Beware of Slow Bellies
by Bob Burridge ©2019
In Titus 1:12 the King James Version of the Bible uses an interesting term to describe some who were troubling the church at the time this letter was written. The Apostle Paul was warning that there are some dangerous people who were “insubordinate” among the Jewish people (Titus 1:10). He pointed out that “they are upsetting whole families by teaching for shameful gain what they ought not to teach.” (ESV translation). Paul refers to the people in Crete by quoting Epimenides, one of their own poet-philosophers, who said they were liars, evil beasts, and people with “slow bellies” as the King James Version puts it.
The expression translated as “slow bellies” is two Greek words “gasteres argai” (γαστέρες ἀργαί).
1. The first word is the plural of the word “gastaer”(γαστήρ) which means “stomach” or “belly”. We get our English word “gastric” from it, things that refer to the stomach and the digestive system.
2. The second word there is a plural of the word “argos” (ἀργός). It means “lazy, inactive, idle”. It’s a negative form of the Greek word for “work” which is “ergon” (ἔργον). We get our English word “ergonomics” from it, “relating to or designed for efficiency and comfort in the working environment.” It’s in a form that makes it a modifier of “stomachs”.
It means that these Cretans are lazy, they do little work. They are just stomachs who are non-workers. [See the footnote for what some commentaries say.]
Paul’s concern was to encourage Titus as he ordained Elders for the new churches forming in the wake of his ministry in Crete. In Titus 1:5-9 he lays out the requirements for that office. All those he ordains should meet these standards. The danger was from some who followed some Jewish myths and the false teachings of men.
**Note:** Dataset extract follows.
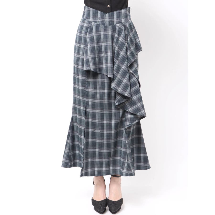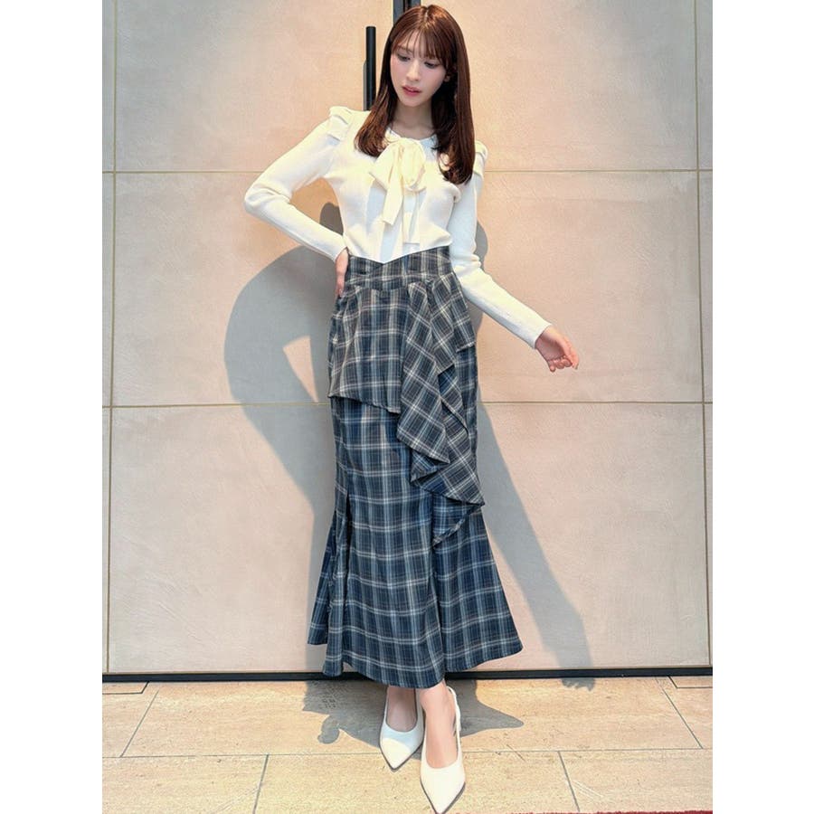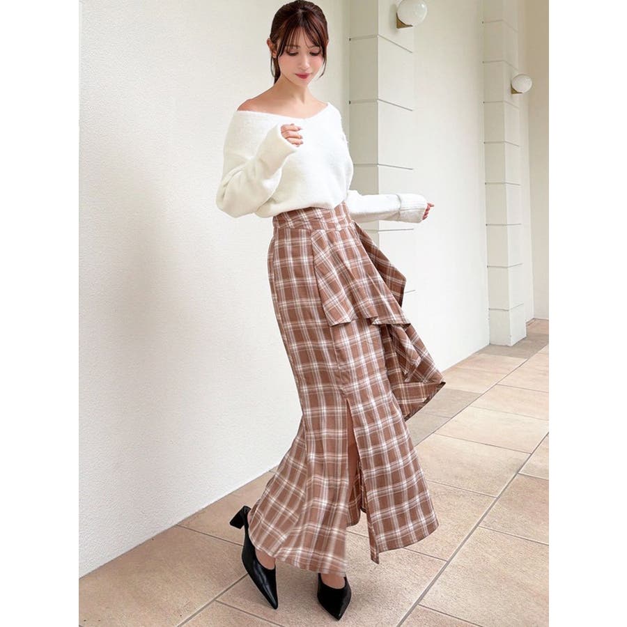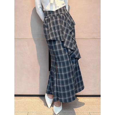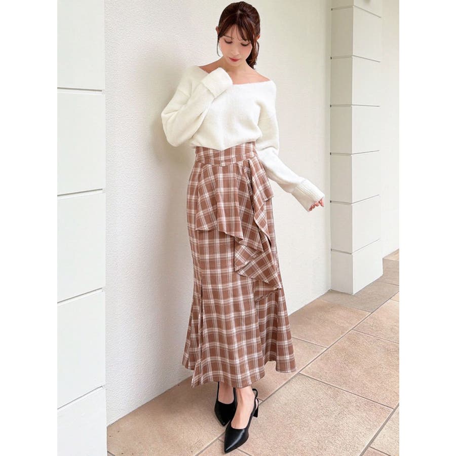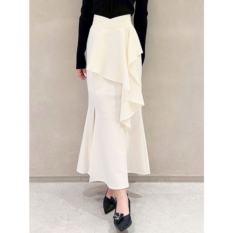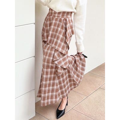 ラッフルデザインが華やかさをプラスするマーメイドスカート▽デザイン▽アシンメトリーなラッフルデザインがポイント!ハイウエストでウエストラインはV字になっているためウエストの細見え効果がUP◎裾に向かってゆるやかに広がるマーメイドシルエットで大人な女性らしい雰囲気をプラスします。▽カラー▽ベーシックで使いやすい無地の白と、チェック柄のネイビー・ベージュの3色展開。▽スタイリング▽ベーシックなスカートなので1枚持っているとシーズンレスに活躍します。ブラウスやニットなどどんなトップスにもマッチし、デイリーからオフィスコーデまで様々なシーンに幅広く活躍します。

This warning is in Titus 1:10-16.
Titus was told to silence the influence of those who refused to submit to proper biblical authority. They were deceiving the people by promoting self-serving priorities. These are the ones who were the liars. They were the “slow bellies”, gluttons who were more concerned about filling their stomachs than honoring God’s written truth. They who are lazy and overly concerned about getting things for themselves become a burden to others. They refuse to take up their personal responsibility of managing their time and abilities in productive work for God’s glory.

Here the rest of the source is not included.